Provided entries |
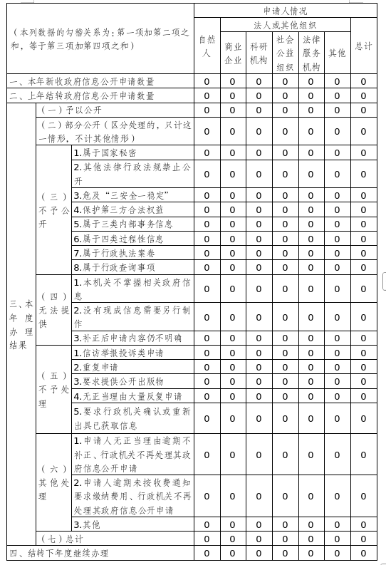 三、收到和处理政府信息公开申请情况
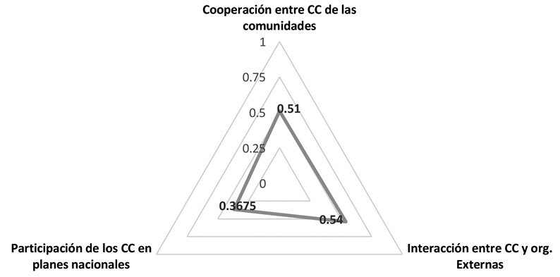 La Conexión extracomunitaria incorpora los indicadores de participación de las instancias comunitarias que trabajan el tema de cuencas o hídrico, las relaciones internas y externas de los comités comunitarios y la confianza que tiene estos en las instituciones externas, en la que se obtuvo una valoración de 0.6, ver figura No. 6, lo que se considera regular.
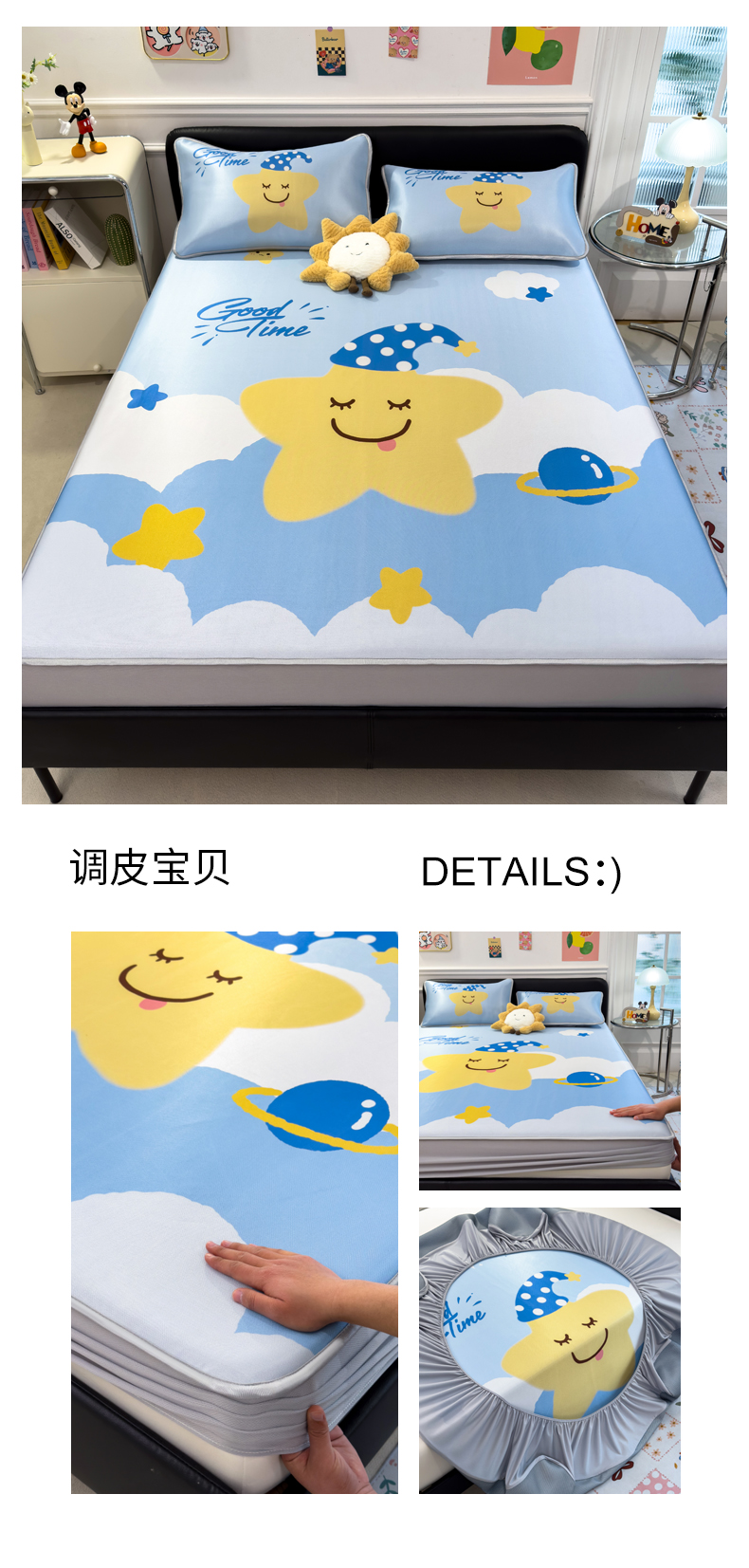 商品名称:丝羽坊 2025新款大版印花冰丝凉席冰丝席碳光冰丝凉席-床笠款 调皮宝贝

==

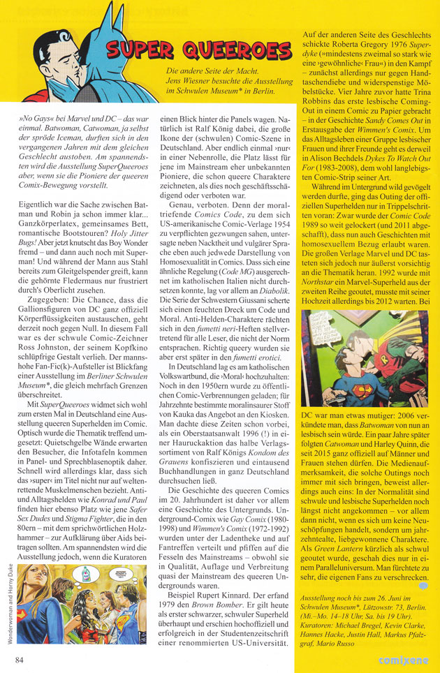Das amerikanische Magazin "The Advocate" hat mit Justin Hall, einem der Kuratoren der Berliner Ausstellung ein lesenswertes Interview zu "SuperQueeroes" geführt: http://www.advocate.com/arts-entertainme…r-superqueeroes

Task | Above are records; repeat only the lines from the line with "La Conexión extracomunitaria" through the line with "商品名称:丝羽坊 2025新款大版印花冰丝凉席冰丝席碳光冰丝凉席-床笠款 调皮宝贝", and leave pictures out.

Output |
 La Conexión extracomunitaria incorpora los indicadores de participación de las instancias comunitarias que trabajan el tema de cuencas o hídrico, las relaciones internas y externas de los comités comunitarios y la confianza que tiene estos en las instituciones externas, en la que se obtuvo una valoración de 0.6, ver figura No. 6, lo que se considera regular.
 商品名称:丝羽坊 2025新款大版印花冰丝凉席冰丝席碳光冰丝凉席-床笠款 调皮宝贝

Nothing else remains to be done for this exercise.